The method of claim 4, wherein

The clustering unit, protein expression profile analysis device, characterized in that for performing hierarchical clustering by the average connection method.

The method of claim 4, wherein

The clustering unit, the protein expression profile analysis device, characterized in that for outputting the image of the tree view form in which the degree of similarity between the expression patterns between the two proteins expressed in the x-axis length as a clustering result.

(a) entering at least two or more experimental conditions and a range of protein expression ratios;

(b) extracting quantitative information of a protein corresponding to the experimental condition from a database in which verified large amounts of proteome related data are stored;

(c) calculating a rate of change for each experimental condition with respect to the extracted quantitative information; And

and (d) searching for a result satisfying the input change rate range among the calculated change rates.

The method of claim 11,

The expression ratio for each experimental condition is Protein expression change analysis method for each experimental condition, characterized in that the.

The method of claim 11,

The search results, the protein expression change analysis method according to the experimental conditions, characterized in that using different colors to display the increase and decrease of the rate of change.

The method of claim 11, wherein the conditional rate change search method of the protein expression profile is

(e) linking the search results with the database; And

(f) retrieving detailed expression of protein expression according to experimental conditions, further comprising retrieving detailed information about each protein constituting the search result from the database.
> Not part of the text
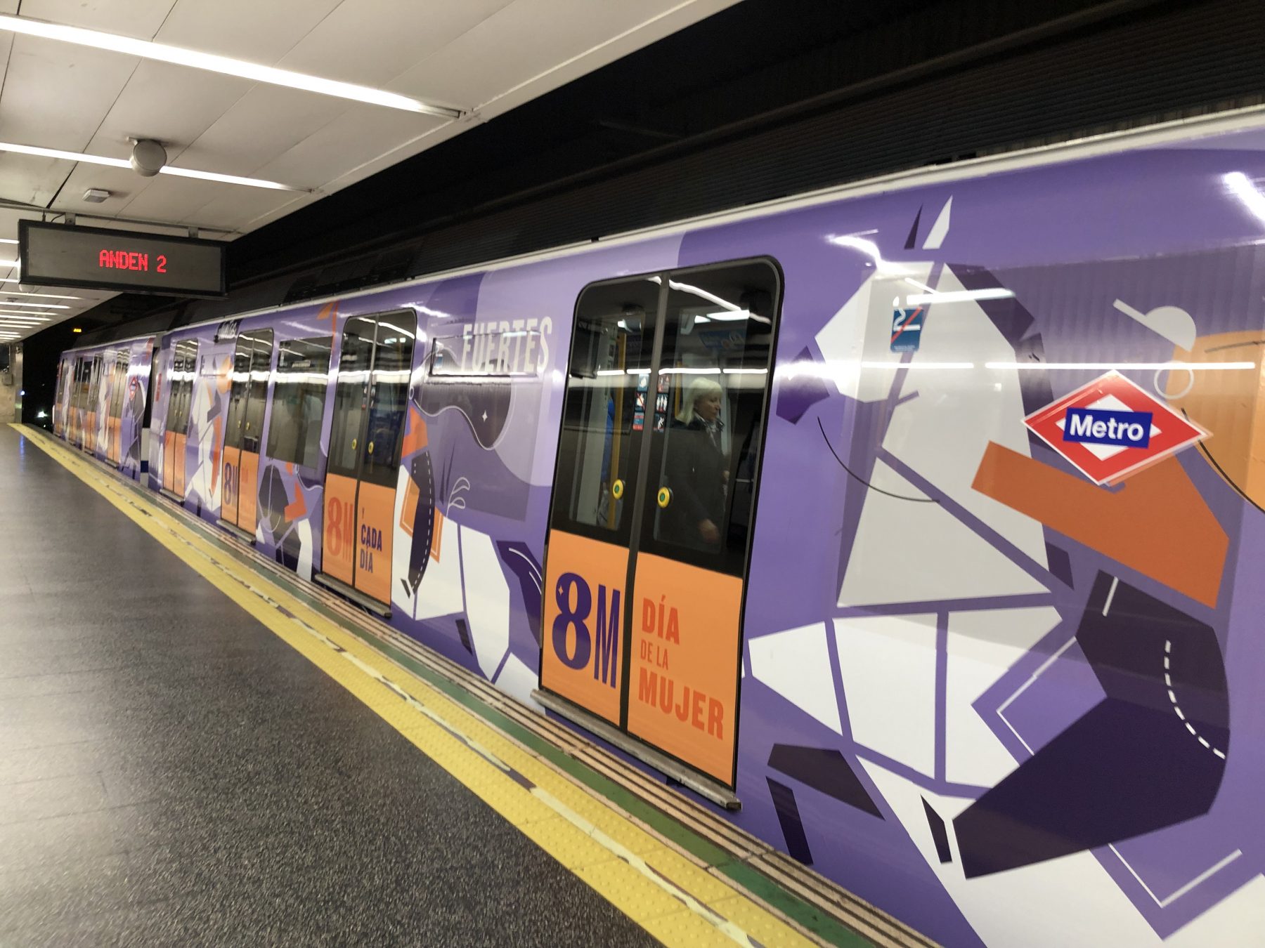 @ByAlejandroAguirre Dentro de mi recorrido habitual en la ciudad Madrid, está incluida la línea 6 del metro. Para mi sorpresa, un convoy de seis trenes no presentaba la publicidad habitual, sino que estaba ilustrado con motivo del 8M. Esta intervención conseguía llegar así a un número ingente de personas que deben realizar sus recorridos en metro, cantidad de personas que quizá

(a) selecting a protein for which a similar expression pattern is to be searched;

(b) extracting a plurality of protein quantitative information from a database in which verified large amounts of proteome related data are stored;

(c) calculating a Euclidean distance between the profile quantitative information of the protein to be searched and the profile quantitative information extracted from the database;

(d) sorting the proteins in descending order of the calculated Euclidean distance value; And

(e) displaying the alignment result as a similar expression pattern search result of the protein expression profile.

The method of claim 15, wherein the method of searching for analogous proteins of the protein expression profile is as follows.

(f) linking the search results with the database; And

(g) retrieving detailed expression patterns of the protein expression profile of the protein expression profile, further comprising retrieving detailed information about each protein constituting the search result from the database.

(a) receiving an experimental condition for performing clustering;

(b) extracting quantitative information of the proteins corresponding to the experimental conditions from a database in which verified large amounts of proteome related data are stored;

(c) calculating Euclidean distance for all combinations of the extracted quantitative information;

(d) performing hierarchical clustering for clustering proteins with small calculated Euclidean distance values; And

(e) displaying the clustered results.

The method of claim 17,

Step (d), hierarchical clustering method of protein expression profile, characterized in that performed by the average linkage method.

The method of claim 17,

The clustering result is a hierarchical clustering method of the protein expression profile, characterized in that the degree of similarity between the expression patterns between the two proteins consists of a tree-view image expressed in the x-axis length.

The method of claim 17, wherein the hierarchical clustering method of the protein expression profile is

(f) linking the clustering results with the database; And

(g) searching for detailed information on each protein constituting the clustering result from the database.

A computer-readable recording medium having recorded thereon a program for executing the method of any one of claims 11 to 20 on a computer.